§ WHAT NEEDS TO BE DONE
Please print each entry below exactly as it stands, but without any pictures.

Collection entries
* * * * * * *

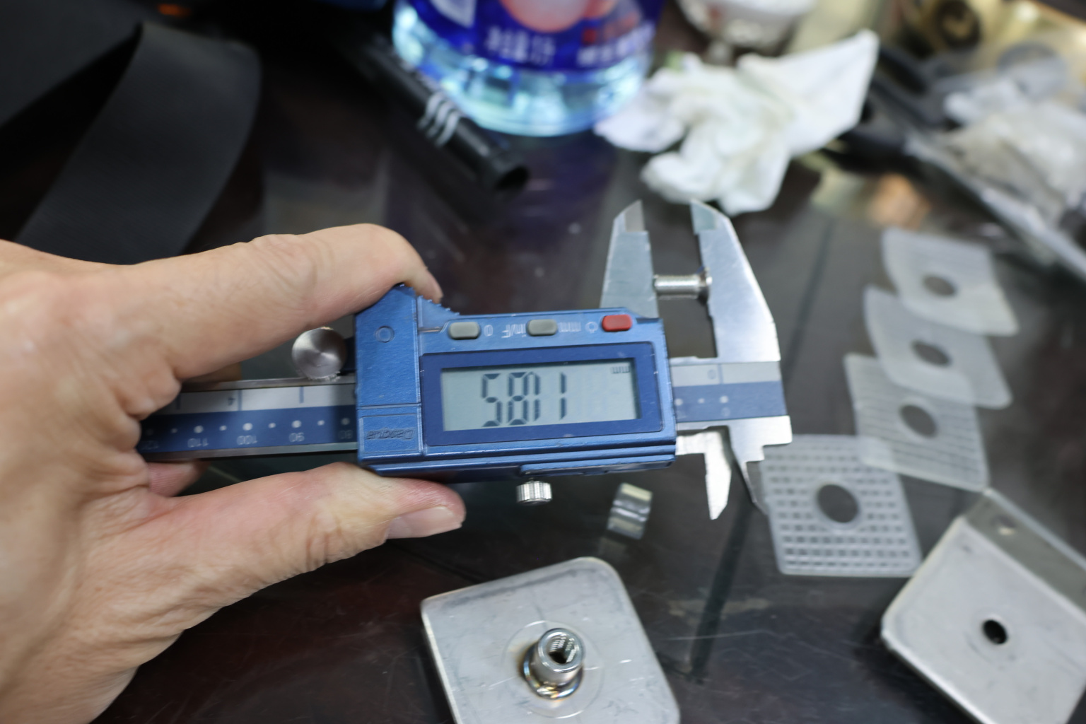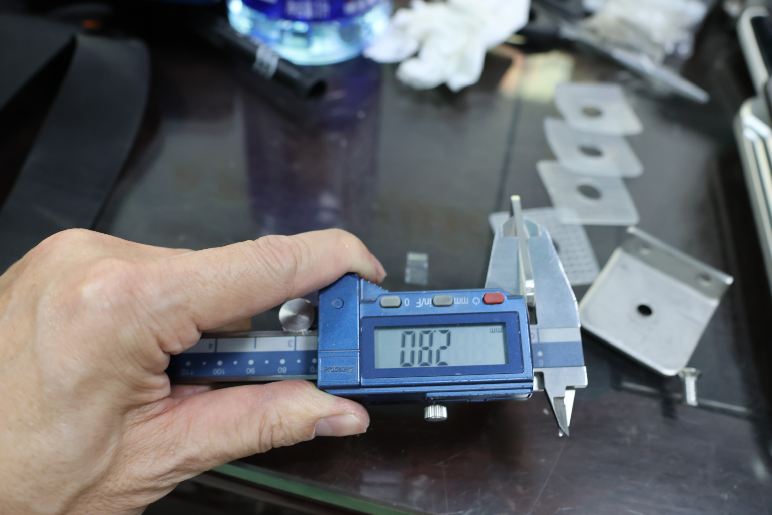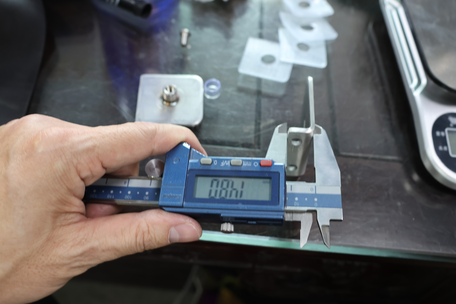 Коннектор разбирается на две половинки, Г-образной стороной крепится к стене на саморезы. Затем к нему прикладывается стекло с заранее заготовленным вырезом согласно чертежу, а далее второй половинкой стекло зажимается.
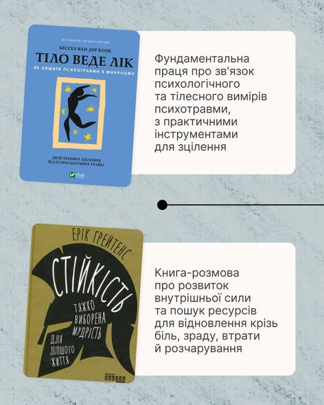 Добірку створено у межах Всеукраїнської програми ментального здоров’я «Ти як?» — ініціативи першої леді Олени Зеленської, разом із Факультетом Психології КНУ імені Тараса Шевченка.
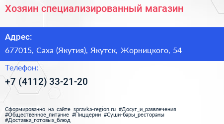 Хозяин, специализированный магазин по адресу 677015, Саха (Якутия), Якутск, Жорницкого, 54 в дальнейшем Организация, размещена в следующих категориях:
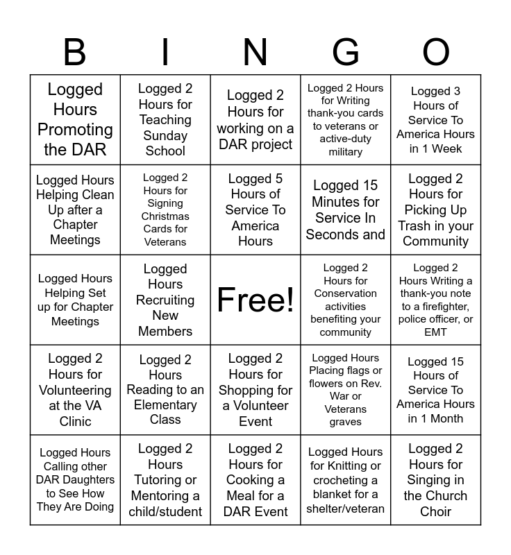 This bingo card has a free space and 29 words: Logged Hours Calling other DAR Daughters to See How They Are Doing, Logged Hours for Preparing for a DAR Event, Logged Hours Recruiting New Members, Logged 2 Hours Assisting with before and after school activities, Logged Hours Promoting the DAR, Logged 2 Hours for working on a DAR project, Logged 2 Hours for Signing Christmas Cards for Veterans, Logged 2 Hours Reading to an Elementary Class, Logged 2 Hours for Conservation activities benefiting your community, Logged 2 Hours Tutoring or Mentoring a child/student, Logged 2 Hours Writing a thank-you note to a firefighter, police officer, or EMT, Logged 2 Hours for Singing in the Church Choir, Logged 2 Hours for Cooking a Meal for a DAR Event, Logged Hours for Knitting or crocheting a blanket for a shelter/veteran, Logged 2 Hours for Picking Up Trash in your Community, Logged 2 Hours Participating in a DAR National Day of Service project, Logged 2 Hours for Shopping for a Volunteer Event, Logged 2 Hours for Volunteering at the VA Clinic, Logged 3 Hours of Service To America Hours in 1 Week, Logged Hours Helping Set up for Chapter Meetings, Logged Hours Placing flags or flowers on Rev. War or Veterans graves, Logged Hours for Participate in a genealogy workshop or help someone trace ancestry, Logged 15 Minutes for Service In Seconds and, Logged Hours Helping Clean Up after a Chapter Meetings, Logged 2 Hours for Writing thank-you cards to veterans or active-duty military, Logged 2 Hours for Teaching Sunday School, Logged 15 Hours of Service To America Hours in 1 Month, Logged 5 Hours of Service To America Hours and Logged 15 Minutes for Service In Seconds.
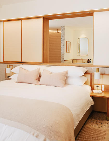 Bed down at The Surf Yamba. The brainchild of brothers David, Andrew and Phillip Mayne, this intimate 12-room boutique hotel oozes a stylish Scandi-style aesthetic. Picture wicker chairs, earth-toned furnishings, hints of blush detailing and a smattering of Italian terrazzo tiles. Mornings should start with a gentle paddle in its plunge pool on the rooftop terrace, where, with each lap, you'll soak up sweeping views across Main Beach.

* * * * * * *

§ YOUR SOLUTION
 Коннектор разбирается на две половинки, Г-образной стороной крепится к стене на саморезы. Затем к нему прикладывается стекло с заранее заготовленным вырезом согласно чертежу, а далее второй половинкой стекло зажимается.
 Добірку створено у межах Всеукраїнської програми ментального здоров’я «Ти як?» — ініціативи першої леді Олени Зеленської, разом із Факультетом Психології КНУ імені Тараса Шевченка.
 Хозяин, специализированный магазин по адресу 677015, Саха (Якутия), Якутск, Жорницкого, 54 в дальнейшем Организация, размещена в следующих категориях:
 This bingo card has a free space and 29 words: Logged Hours Calling other DAR Daughters to See How They Are Doing, Logged Hours for Preparing for a DAR Event, Logged Hours Recruiting New Members, Logged 2 Hours Assisting with before and after school activities, Logged Hours Promoting the DAR, Logged 2 Hours for working on a DAR project, Logged 2 Hours for Signing Christmas Cards for Veterans, Logged 2 Hours Reading to an Elementary Class, Logged 2 Hours for Conservation activities benefiting your community, Logged 2 Hours Tutoring or Mentoring a child/student, Logged 2 Hours Writing a thank-you note to a firefighter, police officer, or EMT, Logged 2 Hours for Singing in the Church Choir, Logged 2 Hours for Cooking a Meal for a DAR Event, Logged Hours for Knitting or crocheting a blanket for a shelter/veteran, Logged 2 Hours for Picking Up Trash in your Community, Logged 2 Hours Participating in a DAR National Day of Service project, Logged 2 Hours for Shopping for a Volunteer Event, Logged 2 Hours for Volunteering at the VA Clinic, Logged 3 Hours of Service To America Hours in 1 Week, Logged Hours Helping Set up for Chapter Meetings, Logged Hours Placing flags or flowers on Rev. War or Veterans graves, Logged Hours for Participate in a genealogy workshop or help someone trace ancestry, Logged 15 Minutes for Service In Seconds and, Logged Hours Helping Clean Up after a Chapter Meetings, Logged 2 Hours for Writing thank-you cards to veterans or active-duty military, Logged 2 Hours for Teaching Sunday School, Logged 15 Hours of Service To America Hours in 1 Month, Logged 5 Hours of Service To America Hours and Logged 15 Minutes for Service In Seconds.
 Bed down at The Surf Yamba. The brainchild of brothers David, Andrew and Phillip Mayne, this intimate 12-room boutique hotel oozes a stylish Scandi-style aesthetic. Picture wicker chairs, earth-toned furnishings, hints of blush detailing and a smattering of Italian terrazzo tiles. Mornings should start with a gentle paddle in its plunge pool on the rooftop terrace, where, with each lap, you'll soak up sweeping views across Main Beach.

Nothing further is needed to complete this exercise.